ITEM 3.     QUANTITATIVE AND QUALITATIVE DISCLOSURES ABOUT MARKET RISK
 
In the ordinary course of business, we are subject to interest rate, foreign currency, and commodity risks. Information related to these risks and our management of these exposures is included in Part II, Item 7A, “Quantitative and Qualitative Disclosures about Market Risk,” in our Annual Report on Form 10-K for the year ended March 31, 2010, filed with the SEC on May 28, 2010. Our exposures to market risks have not changed materially since March 31, 2010.
 
ITEM 4.    CONTROLS AND PROCEDURES
 
Under the supervision of and with the participation of our management, including the Principal Executive Officer (“PEO”) and Principal Financial Officer (“PFO”), we evaluated the effectiveness of the design and operation of our disclosure controls and procedures, as defined in Rules 13a-15(e) and 15d-15(e) promulgated under the Securities Exchange Act of 1934, as of the end of the period covered by this Quarterly Report.
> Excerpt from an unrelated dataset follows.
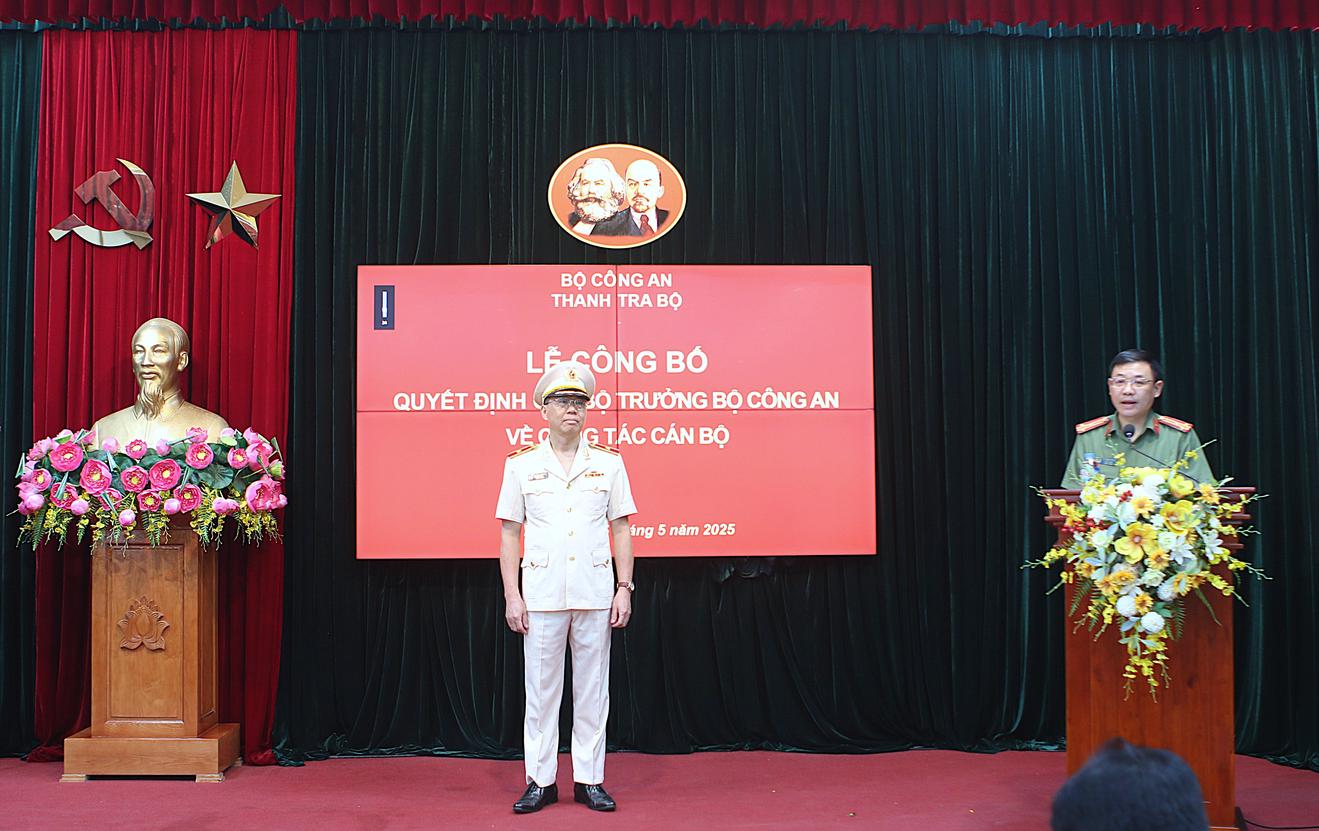 (Thanh tra) - Ngày 5/5/2025, tại Hà Nội, Thanh tra Bộ Công an tổ chức Lễ công bố Quyết định số 2836/QĐ-BCA của Bộ trưởng Bộ Công an về công tác cán bộ đối với lãnh đạo Thanh tra Bộ Công an.

Based on that evaluation, including the assessment and input of our management, the PEO and PFO concluded that, as of the end of the period covered by this Quarterly Report, our disclosure controls and procedures were effective.
 
There were no changes in our internal control over financial reporting, as defined in Rules 13a-15(f) and 15d-15(f) promulgated under the Securities Exchange Act of 1934, that occurred during the quarter ended December 31, 2010 that have materially affected, or are reasonably likely to materially affect, our internal control over financial reporting.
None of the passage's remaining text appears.